___ SUPPLIED RECORDS
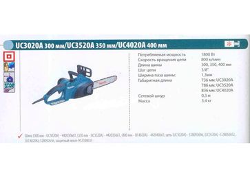 - Пила цепная MAKITA UC3520A (1800Вт, 35см, 3.8кг, автом.смазка) по выгодной цене 4 000 р. руб.;
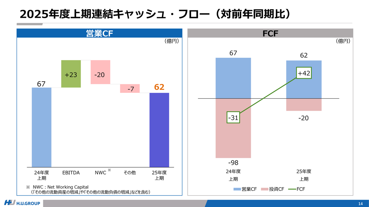 その結果、営業キャッシュ・フローは同水準を維持しつつ、投資キャッシュ・フローを適切にコントロールすることで、フリーキャッシュ・フローは42億円となり、前年同期比で大幅に増加しました。
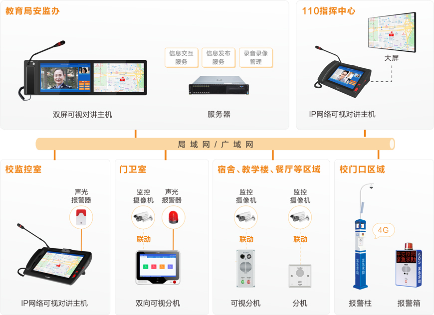 注册即送28元体验金学校一键报警可视对讲系统基于IP网络架构(可跨网段跨路由),以高清音视频编解码技术为核心,构建了一套功能完善、扩展性强、实时性高的联网式音视频实时交互平台,实现教育局、110指挥中心对辖区内校园突发事件的应急响应与远程指挥。
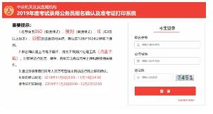 2019年度考试录用公务员报名确认及准考证打印系统:
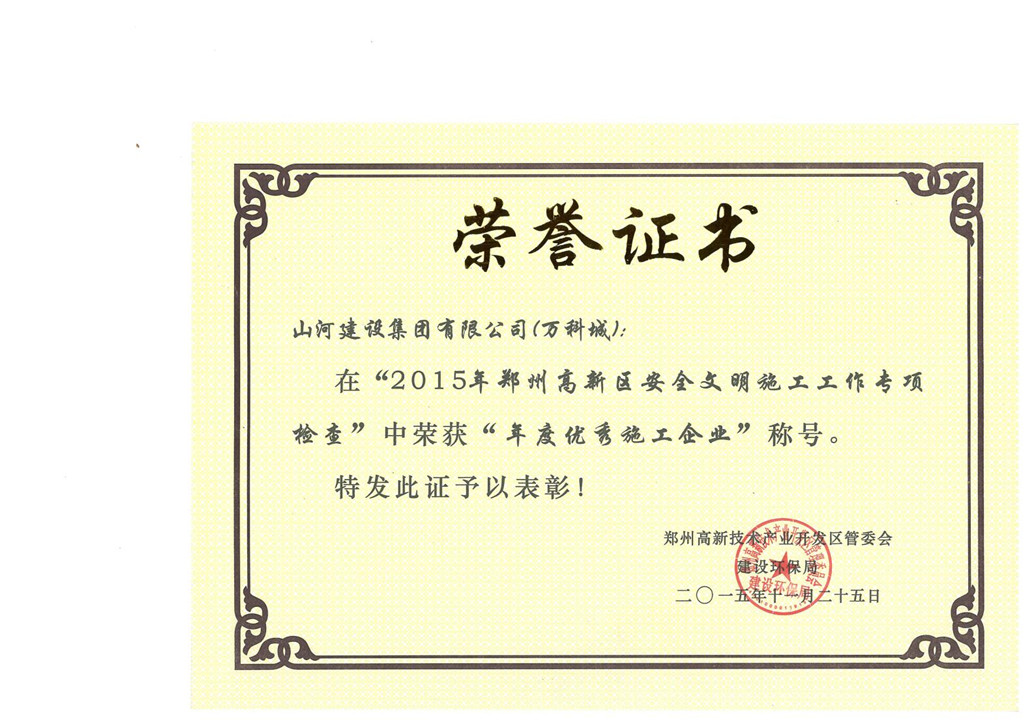 11月25日,在郑州高新区安全文明施工专项检查中,山河建设集团有限公司荣获由郑州高新区管理会建设环保局授予的“年度优秀施工企业”荣誉称号。
______
EXERCISE DETAILS: If pictures appear in the data, do not print them; repeat the rest exactly.

ANSWER SPACE:
 - Пила цепная MAKITA UC3520A (1800Вт, 35см, 3.8кг, автом.смазка) по выгодной цене 4 000 р. руб.;
 その結果、営業キャッシュ・フローは同水準を維持しつつ、投資キャッシュ・フローを適切にコントロールすることで、フリーキャッシュ・フローは42億円となり、前年同期比で大幅に増加しました。
 注册即送28元体验金学校一键报警可视对讲系统基于IP网络架构(可跨网段跨路由),以高清音视频编解码技术为核心,构建了一套功能完善、扩展性强、实时性高的联网式音视频实时交互平台,实现教育局、110指挥中心对辖区内校园突发事件的应急响应与远程指挥。
 2019年度考试录用公务员报名确认及准考证打印系统:
 11月25日,在郑州高新区安全文明施工专项检查中,山河建设集团有限公司荣获由郑州高新区管理会建设环保局授予的“年度优秀施工企业”荣誉称号。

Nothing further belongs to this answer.